To create an AWS Lambda function that injects data into your Tiger Cloud service:

1. **Compress your code into a `.zip`**

   Terminal window

   ```
   zip -r lambda-timescale.zip .
   ```

2. **Deploy to AWS Lambda**

   In the following example, replace `<IAM_ROLE_ARN>` with your [AWS IAM credentials](https://docs.aws.amazon.com/IAM/latest/UserGuide/access-keys-admin-managed.html#admin-list-access-key), then use AWS CLI to create a Lambda function for your project:

   Terminal window

   ```
   aws lambda create-function \
      --function-name TimescaleIntegration \
      --runtime nodejs14.x \
      --role <IAM_ROLE_ARN> \
      --handler index.handler \
      --zip-file fileb://lambda-timescale.zip
   ```

3. **Set up environment variables**

   In the following example, use your [connection details](/docs/integrate/find-connection-details/index.md) to add your Tiger Cloud service connection settings to your Lambda function:

   Terminal window

   ```
   aws lambda update-function-configuration \
   --function-name TimescaleIntegration \
   --environment "Variables={TIMESCALE_HOST=<host>,TIMESCALE_PORT=<port>, \
                  TIMESCALE_USER=<Username>,TIMESCALE_PASSWORD=<Password>, \
                  TIMESCALE_DB=<Database name>}"
   ```

4. **Test your AWS Lambda function**

   1. Invoke the Lambda function and send some data to your Tiger Cloud service:

      Terminal window

      ```
      aws lambda invoke \
         --function-name TimescaleIntegration \
         --payload '{"body": "{\"sensor_id\": \"sensor-123\", \"value\": 42.5}"}' \
         --cli-binary-format raw-in-base64-out \
         response.json
      ```

   2. Verify that the data is in your service.

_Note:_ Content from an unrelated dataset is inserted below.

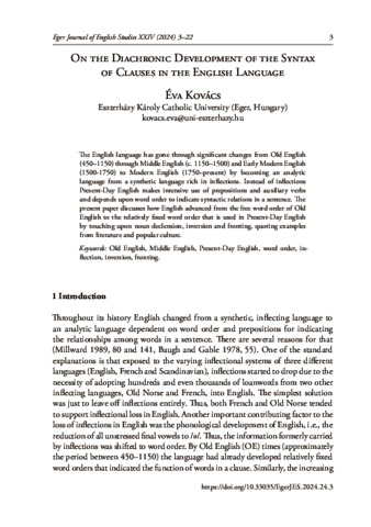 Kovács, Éva (2024) On the Diachronic Development of the Syntax of Clauses in the English Language. EGER JOURNAL OF ENGLISH STUDIES, 24. pp. 3-22. ISSN 1786-5638 (print); 2060-9159 (online)

      Open an [SQL editor](/docs/build/data-management/run-queries-from-tiger-console/index.md) and check the `sensor_data` table:

      ```
      SELECT * FROM sensor_data;
      ```

      You see something like:

      | time                          | sensor\_id | value |
      | ----------------------------- | ---------- | ----- |
      | 2025-02-10 10:58:45.134912+00 | sensor-123 | 42.5  |

You can now seamlessly ingest time-series data from AWS Lambda into Tiger Cloud.